It all started a few days ago. My husband decided it was time our seven year old learned to ride on just two wheels. Time for her to learn to balance and take that next big step into growing up, accomplish that thing nearly all kids do in these sweet, young years.

Little Miss wasn’t quite as enthused, but she was a good sport and tried a few times to gain her balance with Daddy’s help. I think fear, frustration, and general emotions of being overwhelmed got the best of her (and Daddy), and we decided to call it a day. We’d try again. I honestly thought it would take days and days of practice, coaxing, and encouraging before she’d be on the two wheels with no support. I was so wrong!

Today, she insisted upon riding her bike to the park, without training wheels. I lowered her seat, hoping she could learn to balance. Have you seen the bikes for toddlers, that have no pedals and no training wheels? It is like a sitting scooter, and when the child is ready, they left their feet, balance, and coast. Those bikes inspired the decision to lower her seat and hopefully give her a sense of balance. Before, she always leaned to the left, compensating for the bike tipping right onto a training wheel.

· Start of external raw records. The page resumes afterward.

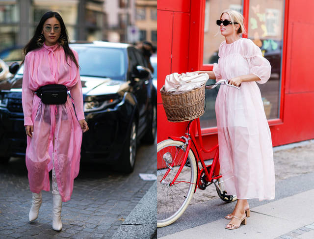 今年最受欢迎的透视单品莫过于透视连衣裙了,透视的连衣裙有女人味的同时搭配又很省心,是今年春天达人和明星们的首选,透视连衣裙中最受宠爱的是粉色系透视连衣裙,粉色+透视,既又妩媚感,同时又有了几分甜美的少女感。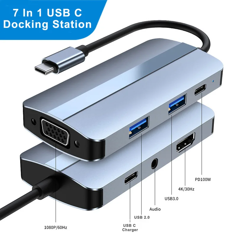 7 In 1 USB Docking Station Hub Type C To HDMI VGA 1080P TF/SD Card Reader Adapter For MacBook Air MateBook Pro Laptop Accessory - Купить с бесплатной доставкой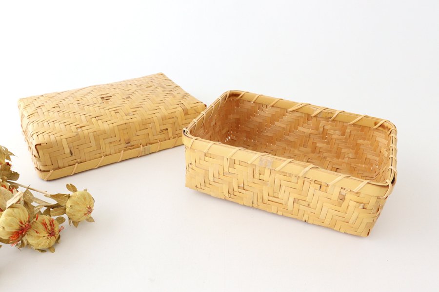 Have a picnic in the park with sandwiches packed with vegetables, rice balls stuffed with fried chicken and tamagoyaki! It's a convenient size for a lunch box for two people. Due to its cute shape, it is perfect not only as a lunch basket but also as a storage space for small items. It comes with a lid, so it's convenient when you want to secretly hide snacks. Can be used to store small stationery items, or as a tool box or sewing box. It looks like it would be fun to store as a picturesque interior. With daily use, the bamboo will take on a lustrous color and become a beautiful tool for daily life.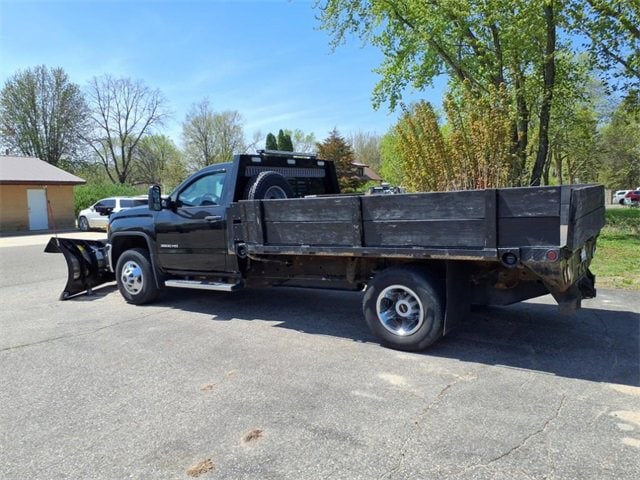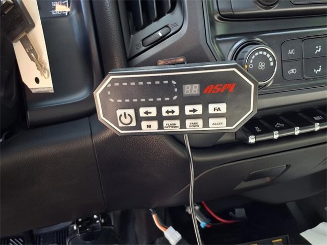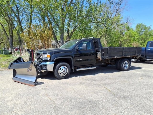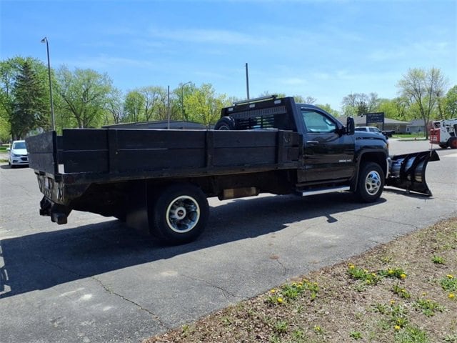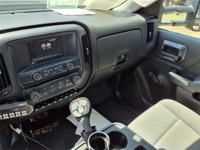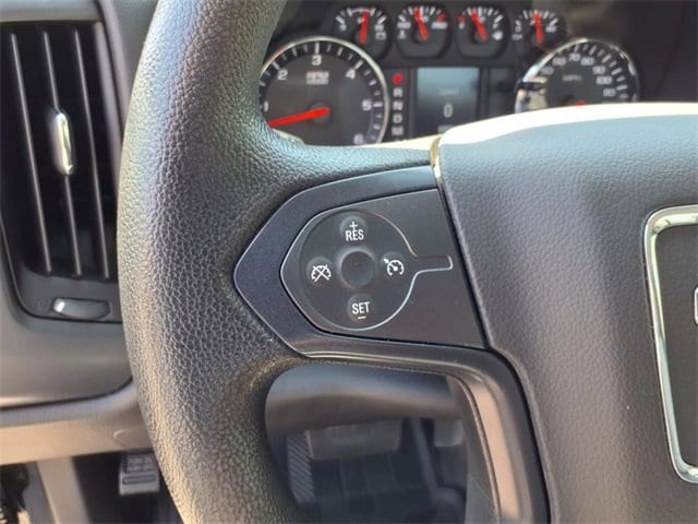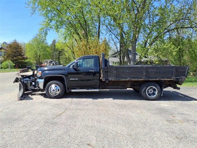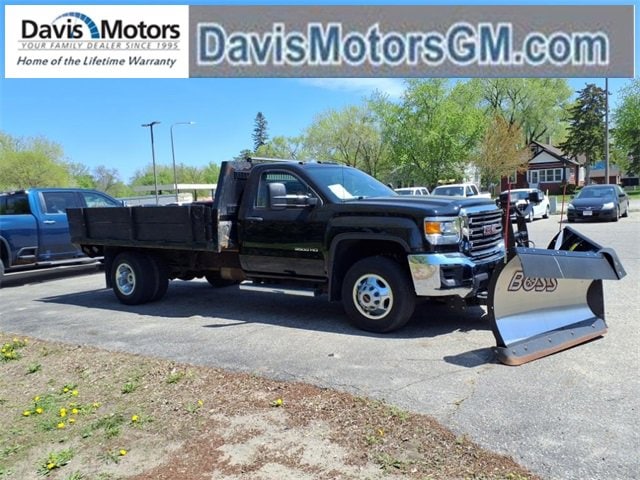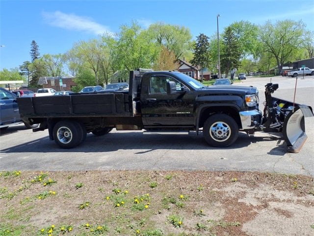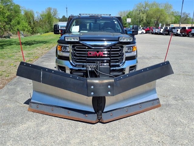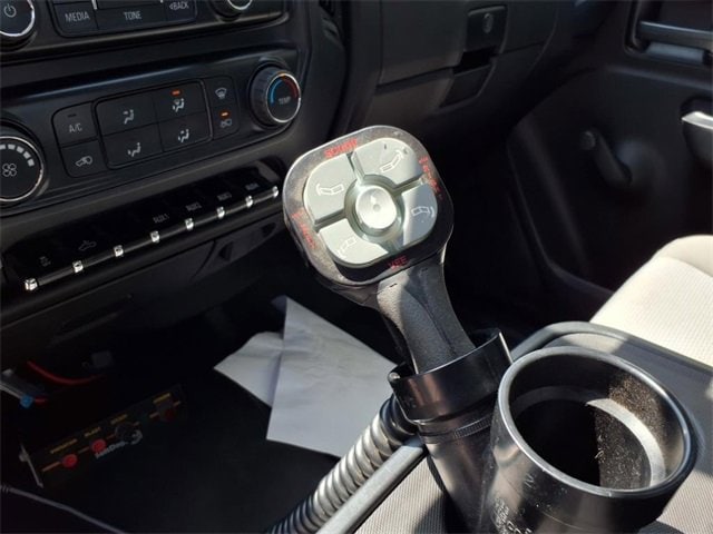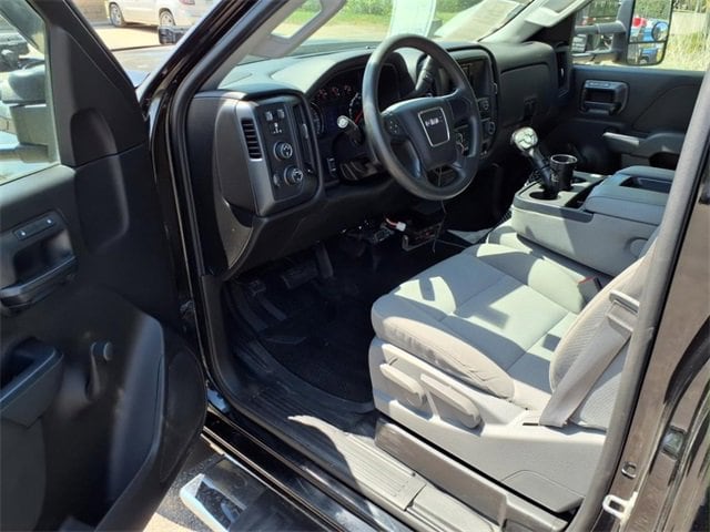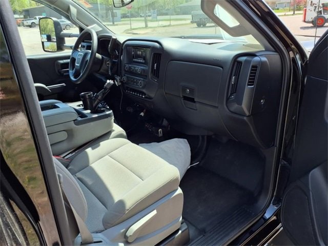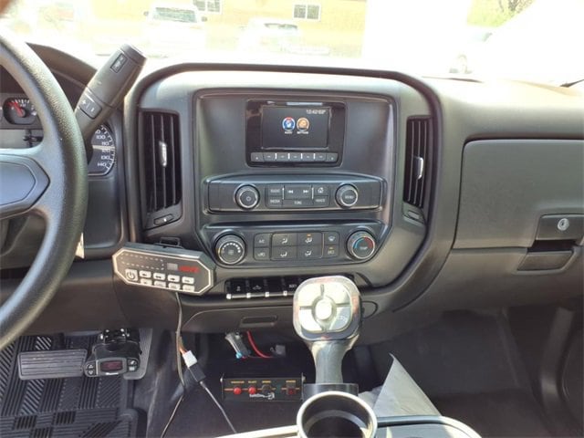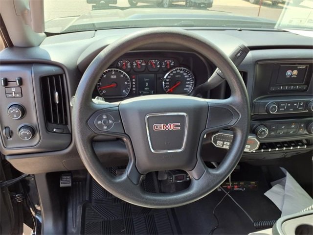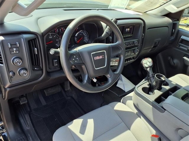 THIS SIERRA REGULAR CAB FEATURES A JET BLACK/DARK ASH INTERIOR WITH A 3-PASSENGER FRONT 40/20/40 SPLIT BENCH SEAT, AIR CONDITIONING, A RUBBERIZED-VINYL FLOOR COVERING, A 4.2 COLOR DISPLAY AUDIO SYSTEM, AND CRUISE CONTROL MOUNTED TO A TILT-ADJUSTABLE STEERING WHEEL. UPGRADED EQUIPMENT INCLUDES AN INTEGRATED TRAILER BRAKE CONTROLLER, 4 UPFITTER SWITCHES, ELECTRONIC SHIFT TRANSFER CASE, SNOW PLOW PREP PACKAGE, UNDERBODY SHIELD, AND 220-AMP ALTERNATOR FOR HEAVY-DUTY JOBS. FINISHED IN ONYX BLACK, THE EXTERIOR OFFERS A CHROME GRILLE SURROUND, 17 PAINTED STEEL WHEELS, BLACK CAMPER-STYLE MIRRORS, CARGO LAMPS, AND SMOKED AMBER ROOF MARKER LIGHTS FOR A RUGGED, READY-FOR-WORK APPEARANCE.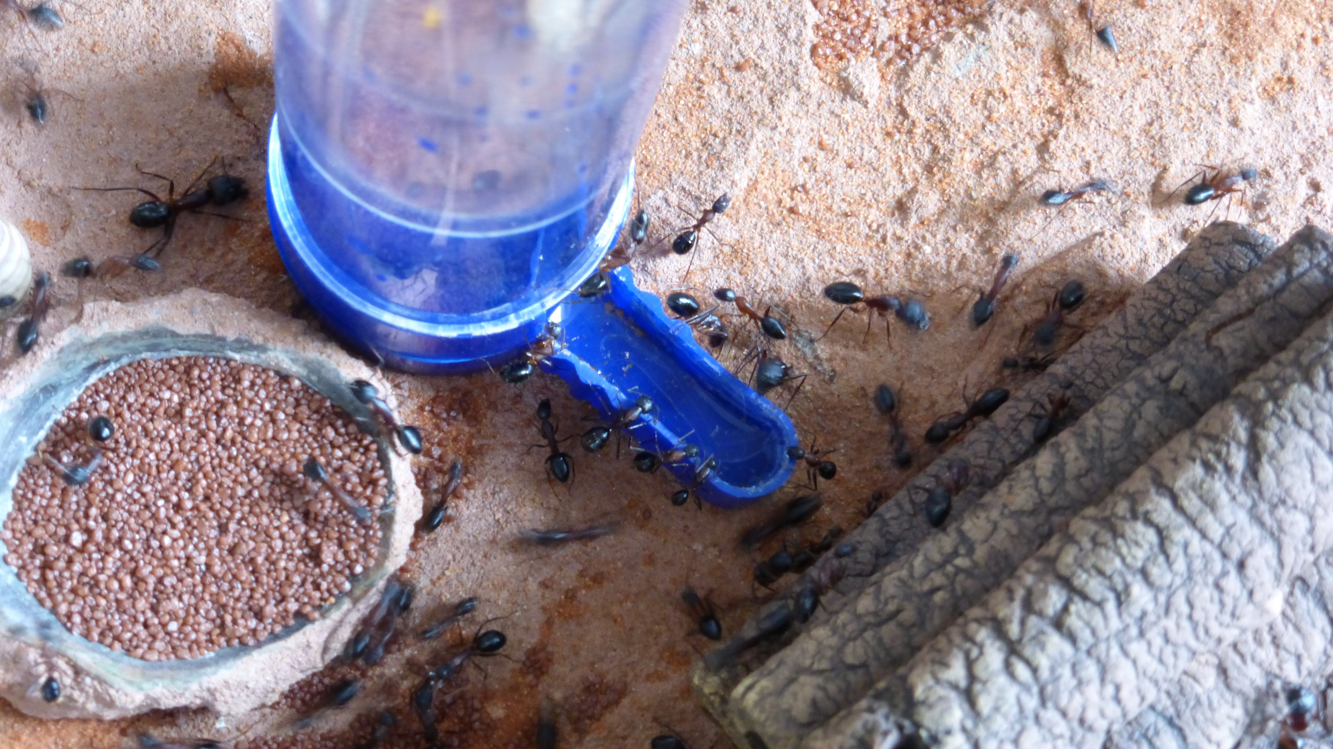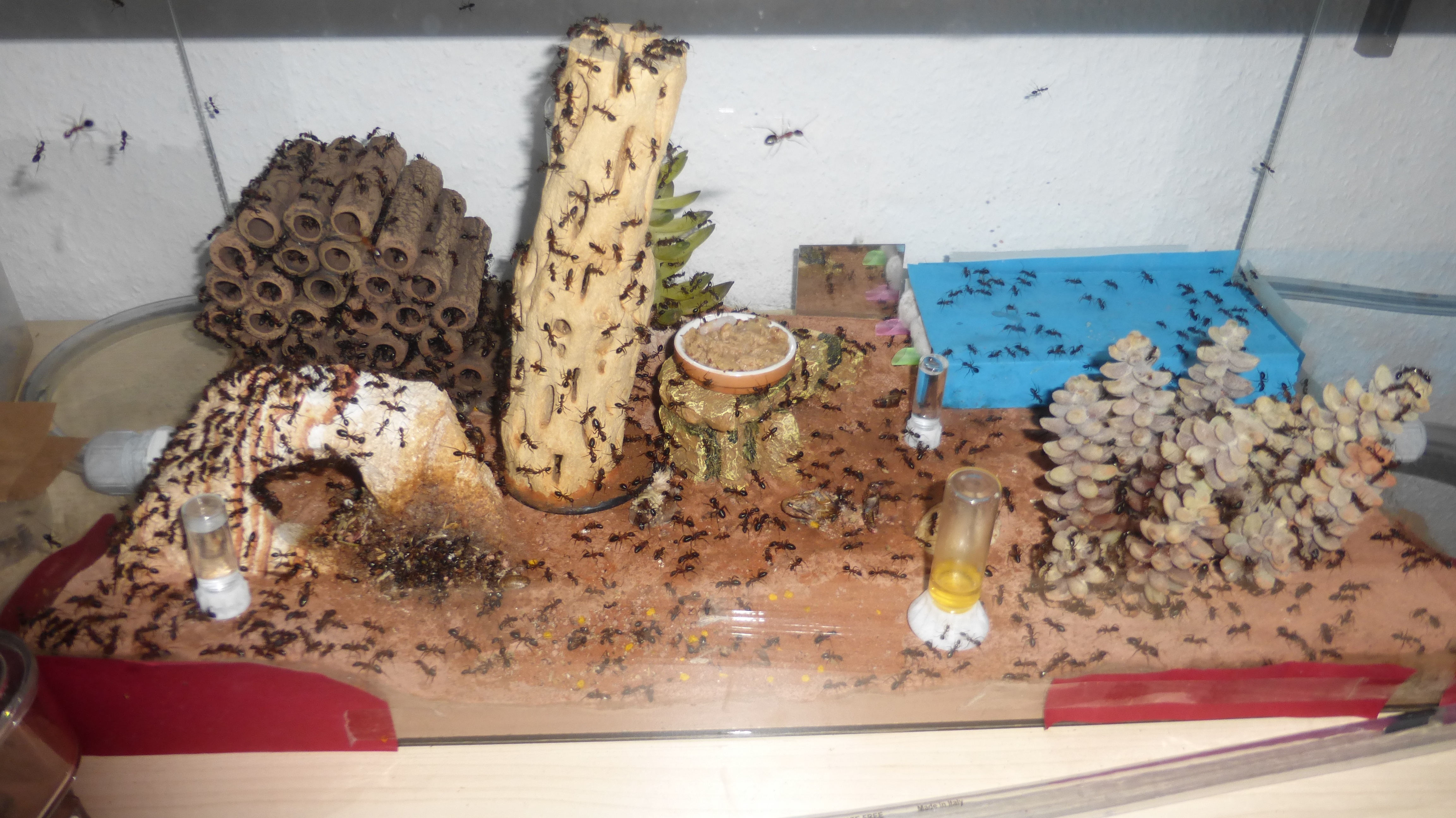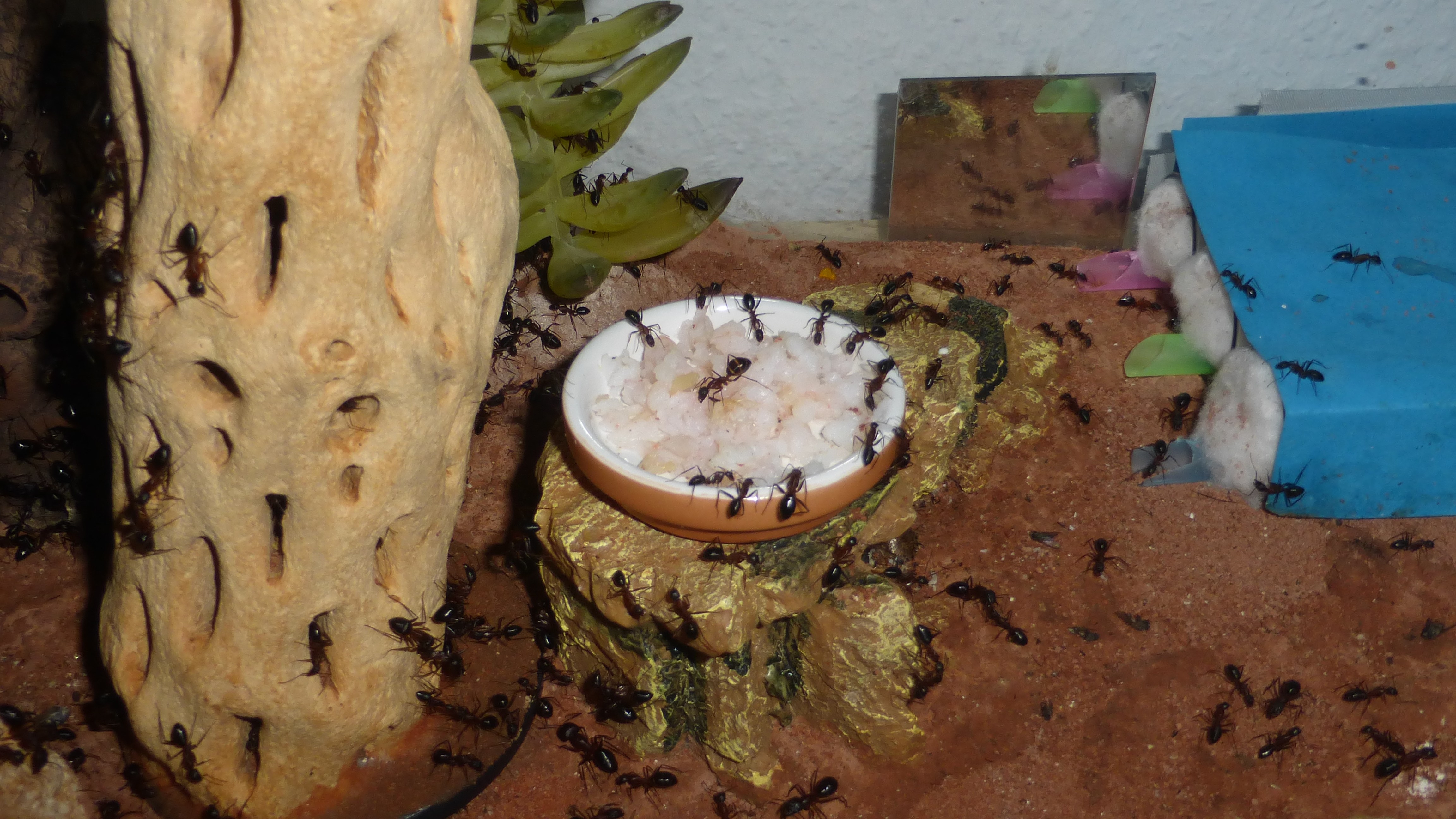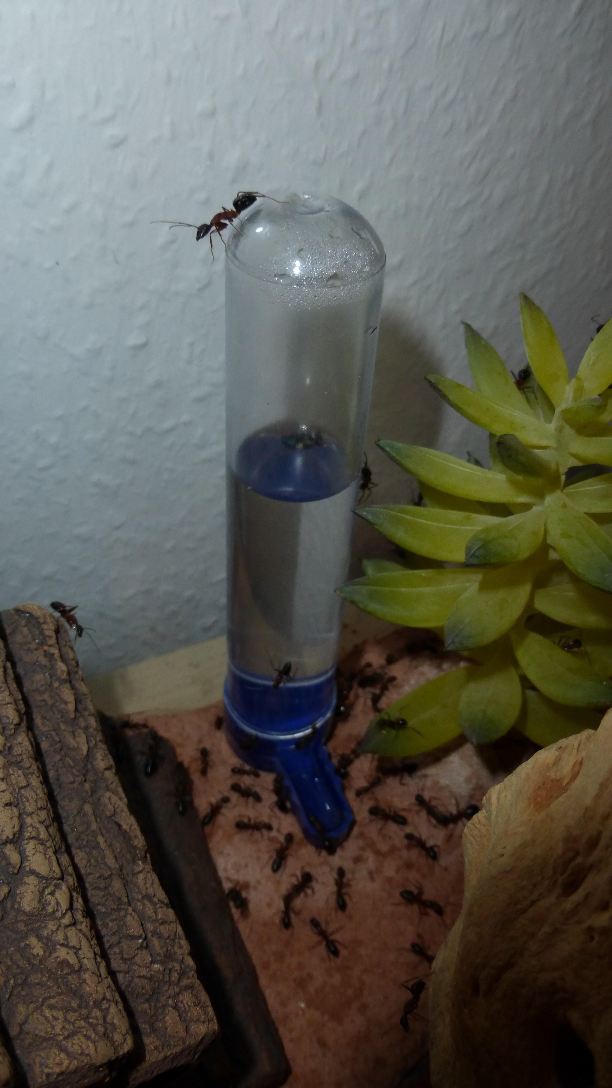 Dieses Bild wurde aufgenommen als ich zum ersten Mal dieses Jahr die Wärmelampe über das Becken gehängt hab. Man sieht schön wie sich die Ameisen auf dem Stamm und der Kunstpflanze im Hintergrund alle auf der zur Lampe gerichteten Seite niedergelassen haben.

The girl needed to learn balance!

Well, she scooted all the way to the park, and half way home. On the way home, she wanted me to support her while she pedaled. It is hard to balance a bike with a child on it while it moves! I tried to show her how to keep her body straight. She cried. I tried to hold her steady, she tipped and cried. We’d go about eighteen inches, she’d get frustrated and cry. I told her she could just walk her bike home and try again another day.

“But I want to pedal!” she’d say through her tears of frustration and determination.

I’ve learned in the last few years to stay as calm as possible through her emotions, so I had on my straight face, strong heart, and supportive Mama hat. This was a pivotal moment, to let her keep riding, tears and frustration and determination all mixed together.

“Ok, I will keep holding you while you get your balance.”

We did this for about five minutes, then she insisted that I let go.

I didn’t want to. She wasn’t keeping her balance. I let go, expecting her to fall over. Sometimes we have to fall to learn…

She was off! She didn’t even realize it, but she knew it. I ran along side her, in case she fell, but she was solid. She was riding, she was fast.

“This is so fun!” she shouted in a most delighted and joyful giggling voice.

My mama heart swelled with more pride and excitement than it has felt in a long time. And my girl kept laughing, shouting with joy, going over and over again on her bike. It was awesome.